Veel later in de onrust van zijn droom
blijft het hem bij en durft hij zich niet meten
met wat hem overweldigt, autonoom
en anders, maar hij is in kinderjaren
zichzelf nog niet, hij is het dier, de boom,
hij is het late zonlicht op de blaren,
dat langzaam wegschuift naar de laatste top.
Hij ligt er lang in bed nog naar te staren
door 't stille raam, maar slaapt al als er op
zijn kuifje maanlicht speelt, als moeder even
nog binnenkomt en hem goed onderstopt.
Dan ligt hij, klein en droomloos weggegeven
aan 't ademen der aarde warm en zacht,
een deel van het onmetelijke leven
en van de stilte van de sterrennacht.
| |
| |
| |
III
Kan men dat warm verband ooit weer verliezen?
Wordt men niet altijd weer teruggebracht?
Men blijft het kind dat spelend in de biezen
zich vinden laat door een prinses, men zal
altijd opnieuw 't vertrouwde voetpad kiezen
dat door de heide, aarzelend en smal
loopt naar het dorp dat men zich koos in dromen,
het dorp van Holland, het is overal.
Het ligt te slapen onder oude bomen
als men een avond aankomt met de trein
en groet den gast, die altijd weer blijft komen,
nog met een laat lantarenlicht, dat zijn
stil spel speelt met de donkere haag der linden
voor 't koffiehuis. Het groet hem met het klein
eentonig lied der klok, de klanken binden
het maanlicht als een koepel om zijn hart,
het hart van Holland. Altijd blijft men kind en
wordt door die vrede uit zichzelf ontward.
| |
IV
Het is het eigen hart dat men voelt beven,
de eigen vreugde en de eigen smart.
In diepste ogenblikken wordt gegeven
dat Hollands hart zich in ons samentrekt
en in ons bloed en ademen gaat leven.
Hoe ver men vaak ook afdwaalt, men ontdekt
zich altijd weer in 't dromend blanke water
van de rivier en zuivert zich en strekt
zijn armen uit en bidt hardop als zaten
er goden in de wolken aan de kim
met rijen slanke bomen als soldaten.
‘O God der luchten, gij zijt het begin.
Gij stijgt met honderd voeten uit de aarde,
met honderd hoofden blank de hemel in.
| |
| |
Gij die het rood en 't parelgrijs vergaarde,
gij leidt mijn dromen langs uw grote baan.

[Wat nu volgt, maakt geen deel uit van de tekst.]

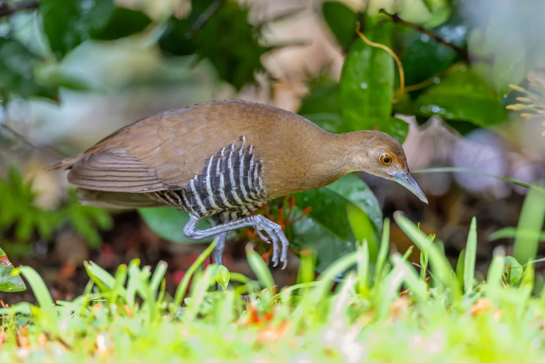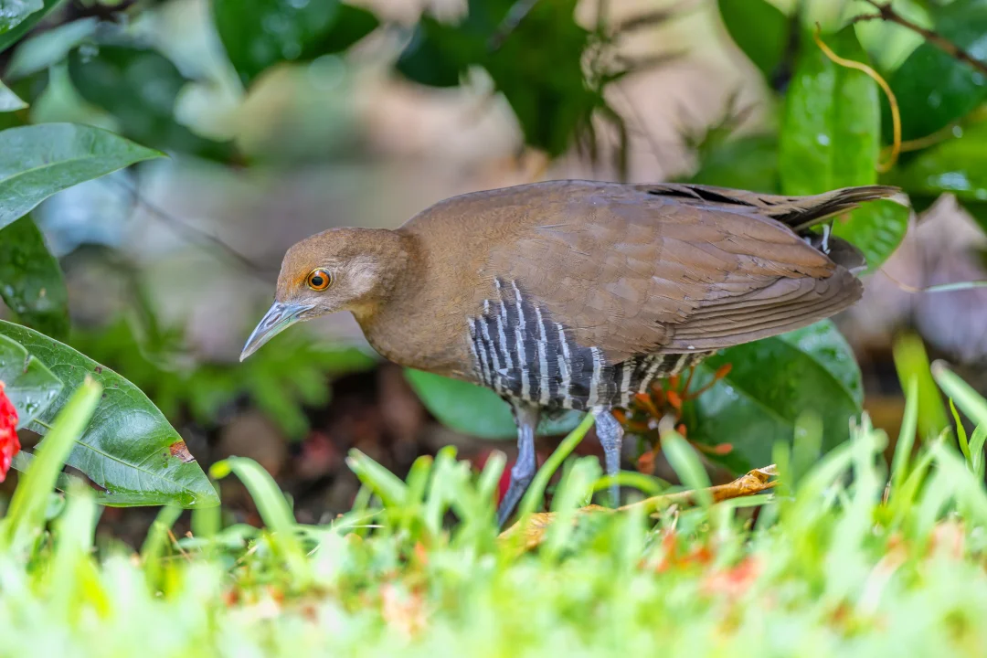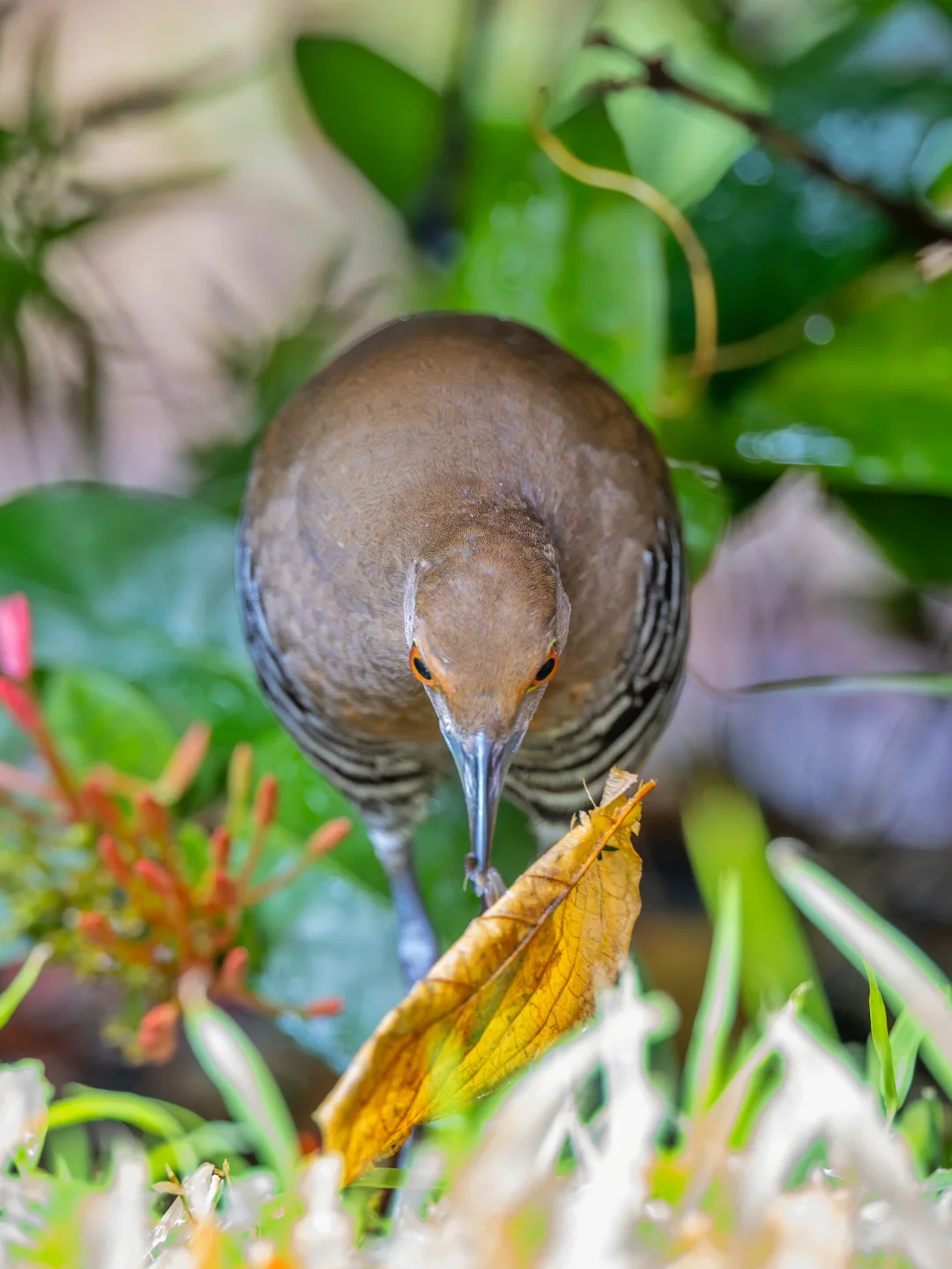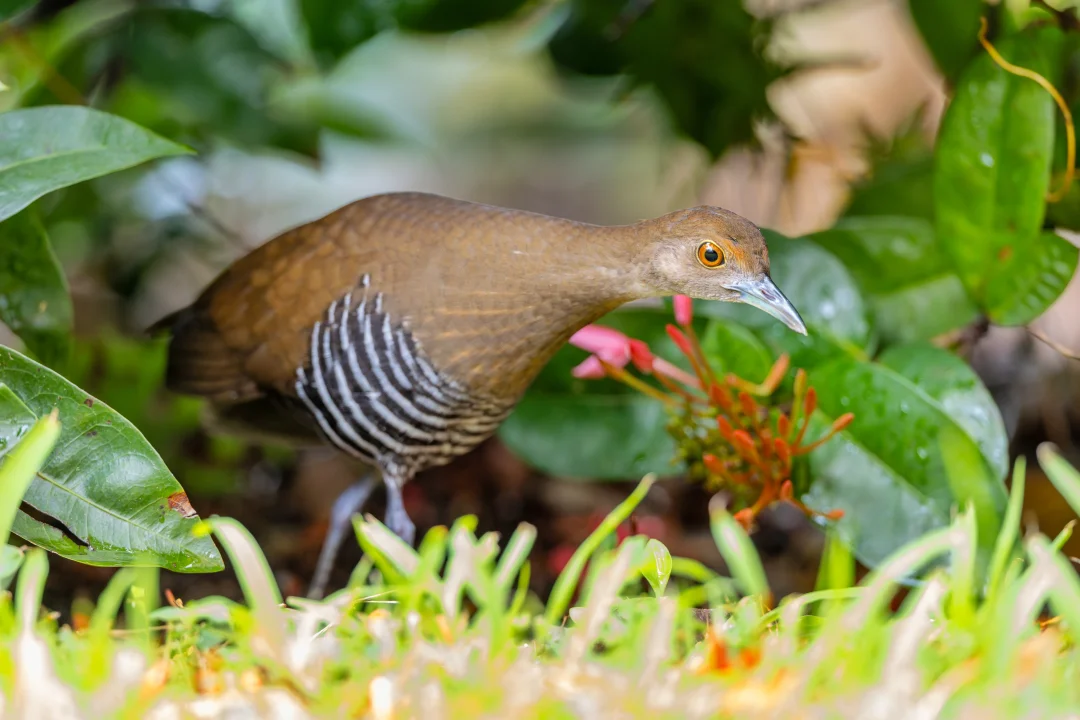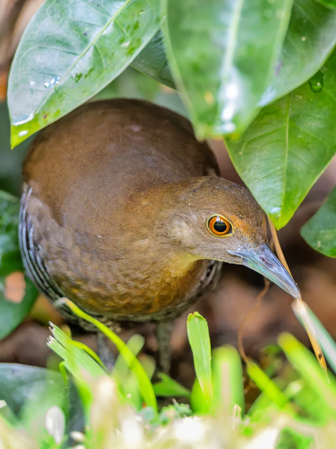 原创拍摄于2025.10 白喉斑秧鸡,Slaty-legged Crake,鹤形目秧鸡科斑秧鸡属。是在我国南部分布的一种小型秧鸡。名字可以看出,它喉咙略白,另外头胸橙色,腹部带黑白条纹,脚深铅灰色,都是它的特征。 白喉斑秧鸡其实在我国南方并不算特别罕见,只是非常担心,隐藏功力深厚,加上喜欢夜行,所以很难发现和拍到,就是野外能偶尔听见koko的叫声。 说到这里,真是不得不又双叒叕感叹,香港的神秘德福花园,这么小的闹市区小区的迷你花坛能每年都吸引超多好鸟前往,真是太神奇了!

O Moeder, die het oud geheim bewaarde,
stilte die de rivieren en het graan
draagt in uw wijde schoot, ik zie u 's morgens
als meisje door de appelboomgaard gaan,
ik weet mijn middag en mijn kleine zorgen
omgeven door uw moederlijke arm,
en 's avonds word ik veilig weggeborgen
diep in uw duister, zorgeloos en warm.
| |
V
Het warm verhaal gaat telkens weer verloren,
en in een wereld die zich niet erbarmt
over de kleine mens, trekt hij zijn sporen
eenzaam en van haar luidheid afgewend.
En toch, hij moet haar helemaal behoren,
een andre god, een matelozer, ment,
beschikkend over zijn besloten leven,
de noodlotsterren langs het firmament,
de paarden van de ondergang, gedreven
in felle jachten, grauw en zwart en rood.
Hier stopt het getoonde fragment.